▶ _Dataset section_
※ ※ ※
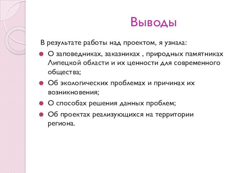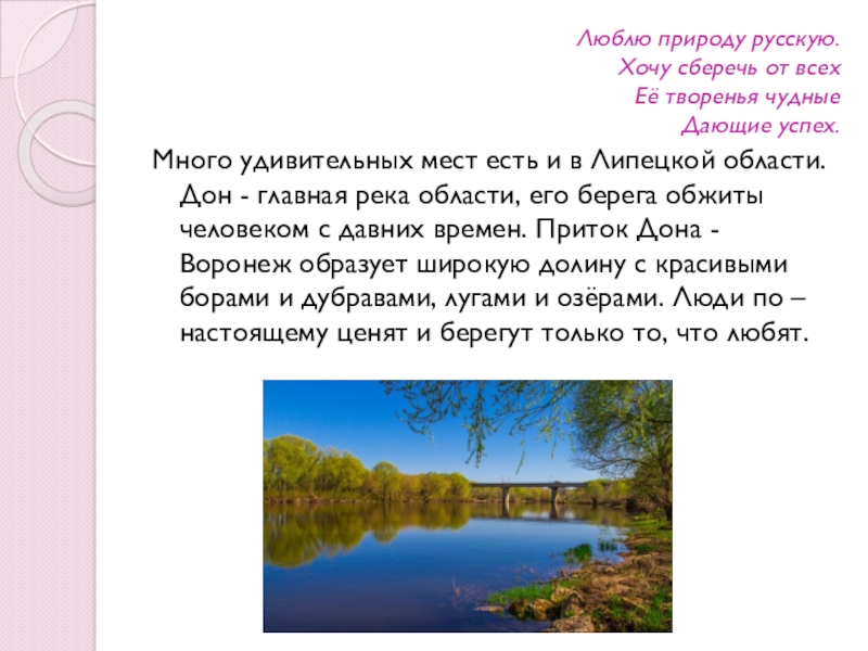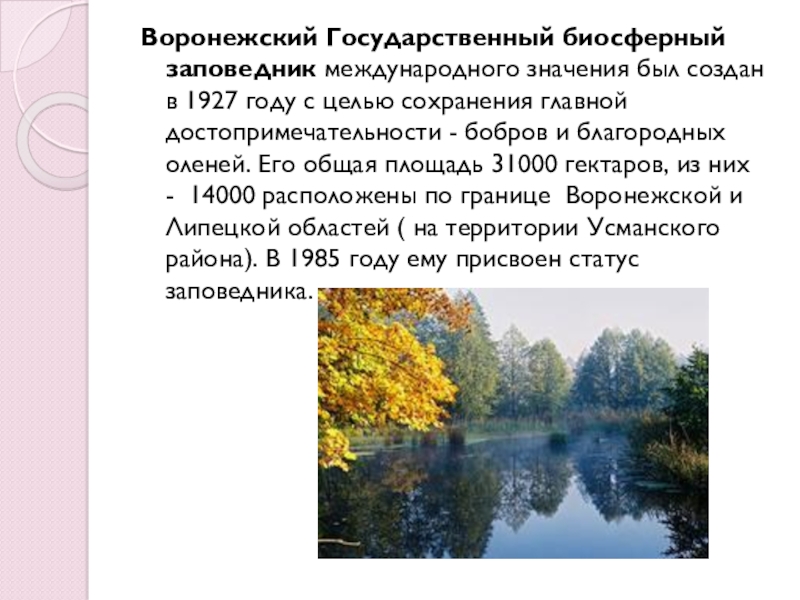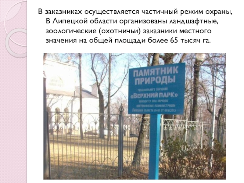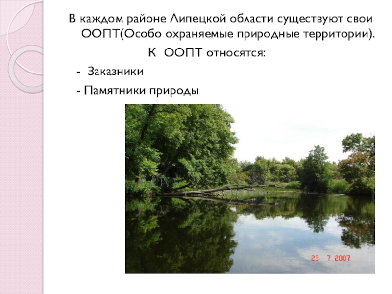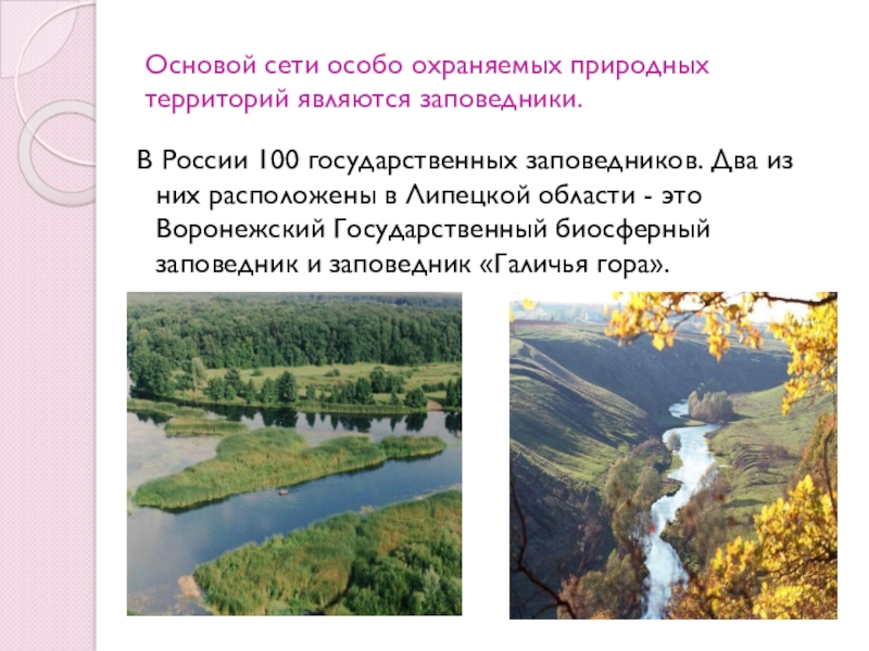 О заповедниках, заказниках , природных памятниках Липецкой области и их ценности для современного общества;
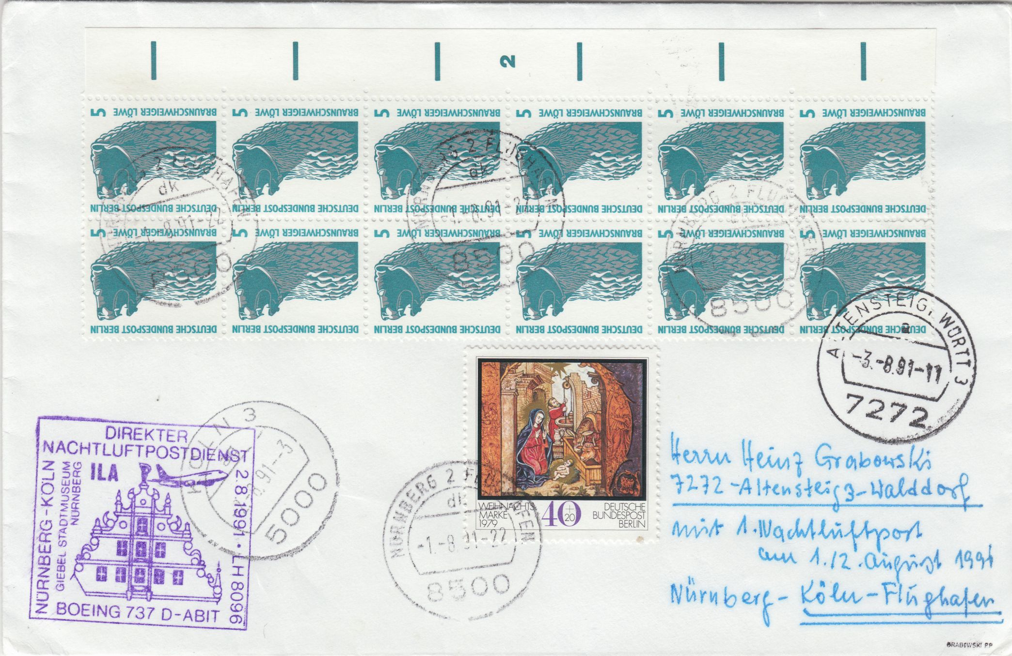 Zwölferblock der Wertstufe 5 Pf vom linken Rand mit Bogenzählnummern "454715" auf Standardbrief (100 Pf) in MiF mit einer Weihnachtsmarke 1979 Berlin der Wertstufe 40 Pf, am 01.08.1991 ab NÜRNBERG 2 FLUGHAFEN, laut Flugbestätigungsstempel befördert mit der ersten Nachtluftpost LH 8096 per BOEING 737 D-ABIT vom 01.08.1991 auf den 02.08.1991 von Nürnberg nach Köln, wo am 02.08.1991 um 3 Uhr früh ein Tagesstempel als Ankunftsstempel abgeschlagen wurde. Der Beleg wurde dann an seinen Bestimmungsort ALTENSTEIG weitergeleitet, wo am 03.08.1991 um 11 Uhr ein Tagesstempel abgeschlagen wurde.
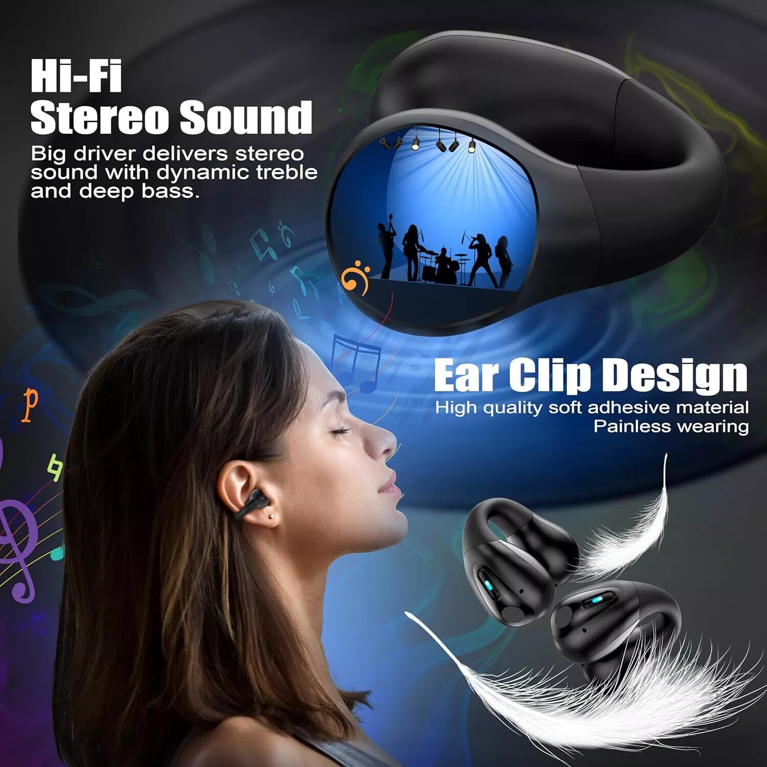 Bluetooth 5.3 Wireless Earbuds Ear Clip Bone Conduction Headphones Sport Headset
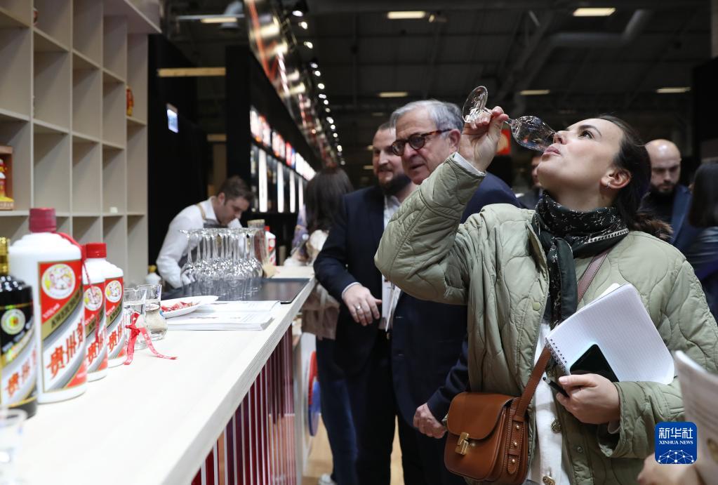 2月13日,嘉賓在法國巴黎國際葡萄酒及烈酒博覽會(huì )上品嘗貴州茅臺酒。
※ ※ ※
Set down the material exactly as given, but print none of the pictures.

 О заповедниках, заказниках , природных памятниках Липецкой области и их ценности для современного общества;
 Zwölferblock der Wertstufe 5 Pf vom linken Rand mit Bogenzählnummern "454715" auf Standardbrief (100 Pf) in MiF mit einer Weihnachtsmarke 1979 Berlin der Wertstufe 40 Pf, am 01.08.1991 ab NÜRNBERG 2 FLUGHAFEN, laut Flugbestätigungsstempel befördert mit der ersten Nachtluftpost LH 8096 per BOEING 737 D-ABIT vom 01.08.1991 auf den 02.08.1991 von Nürnberg nach Köln, wo am 02.08.1991 um 3 Uhr früh ein Tagesstempel als Ankunftsstempel abgeschlagen wurde. Der Beleg wurde dann an seinen Bestimmungsort ALTENSTEIG weitergeleitet, wo am 03.08.1991 um 11 Uhr ein Tagesstempel abgeschlagen wurde.
 Bluetooth 5.3 Wireless Earbuds Ear Clip Bone Conduction Headphones Sport Headset
 2月13日,嘉賓在法國巴黎國際葡萄酒及烈酒博覽會(huì )上品嘗貴州茅臺酒。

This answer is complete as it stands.